(Given records)

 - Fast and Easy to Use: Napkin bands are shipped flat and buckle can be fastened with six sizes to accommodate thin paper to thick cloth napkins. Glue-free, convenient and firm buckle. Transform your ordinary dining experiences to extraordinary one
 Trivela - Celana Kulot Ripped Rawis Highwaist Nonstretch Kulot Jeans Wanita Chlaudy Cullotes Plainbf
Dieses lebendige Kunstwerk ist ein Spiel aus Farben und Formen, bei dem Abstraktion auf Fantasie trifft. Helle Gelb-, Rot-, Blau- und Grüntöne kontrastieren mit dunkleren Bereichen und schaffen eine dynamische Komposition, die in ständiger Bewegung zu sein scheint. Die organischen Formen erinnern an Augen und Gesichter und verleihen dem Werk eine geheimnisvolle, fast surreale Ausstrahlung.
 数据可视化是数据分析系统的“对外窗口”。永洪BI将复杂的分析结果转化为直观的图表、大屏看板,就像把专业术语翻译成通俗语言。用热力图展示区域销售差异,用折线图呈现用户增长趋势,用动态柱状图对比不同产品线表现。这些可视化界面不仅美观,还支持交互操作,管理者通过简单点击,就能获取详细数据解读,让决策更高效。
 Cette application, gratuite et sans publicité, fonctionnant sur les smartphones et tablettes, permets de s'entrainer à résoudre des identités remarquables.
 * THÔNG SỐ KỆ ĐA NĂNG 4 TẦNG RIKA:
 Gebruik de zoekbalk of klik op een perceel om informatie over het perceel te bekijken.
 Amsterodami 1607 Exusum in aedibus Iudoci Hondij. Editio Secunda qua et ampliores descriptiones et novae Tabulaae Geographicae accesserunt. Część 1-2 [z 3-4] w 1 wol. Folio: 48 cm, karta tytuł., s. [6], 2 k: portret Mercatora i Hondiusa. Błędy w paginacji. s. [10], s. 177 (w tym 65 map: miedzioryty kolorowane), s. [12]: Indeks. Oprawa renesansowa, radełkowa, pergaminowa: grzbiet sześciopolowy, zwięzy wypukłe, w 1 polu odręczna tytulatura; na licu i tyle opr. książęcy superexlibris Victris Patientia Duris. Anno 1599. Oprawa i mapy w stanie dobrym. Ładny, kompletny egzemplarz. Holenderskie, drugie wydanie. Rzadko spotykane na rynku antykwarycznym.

(End Given records)

# Problem statement
Every line between the one that contains "THÔNG SỐ KỆ" and the last line of the listing, both included, should be retyped exactly, with nothing else added.

# Problem solution
 * THÔNG SỐ KỆ ĐA NĂNG 4 TẦNG RIKA:
 Gebruik de zoekbalk of klik op een perceel om informatie over het perceel te bekijken.
 Amsterodami 1607 Exusum in aedibus Iudoci Hondij. Editio Secunda qua et ampliores descriptiones et novae Tabulaae Geographicae accesserunt. Część 1-2 [z 3-4] w 1 wol. Folio: 48 cm, karta tytuł., s. [6], 2 k: portret Mercatora i Hondiusa. Błędy w paginacji. s. [10], s. 177 (w tym 65 map: miedzioryty kolorowane), s. [12]: Indeks. Oprawa renesansowa, radełkowa, pergaminowa: grzbiet sześciopolowy, zwięzy wypukłe, w 1 polu odręczna tytulatura; na licu i tyle opr. książęcy superexlibris Victris Patientia Duris. Anno 1599. Oprawa i mapy w stanie dobrym. Ładny, kompletny egzemplarz. Holenderskie, drugie wydanie. Rzadko spotykane na rynku antykwarycznym.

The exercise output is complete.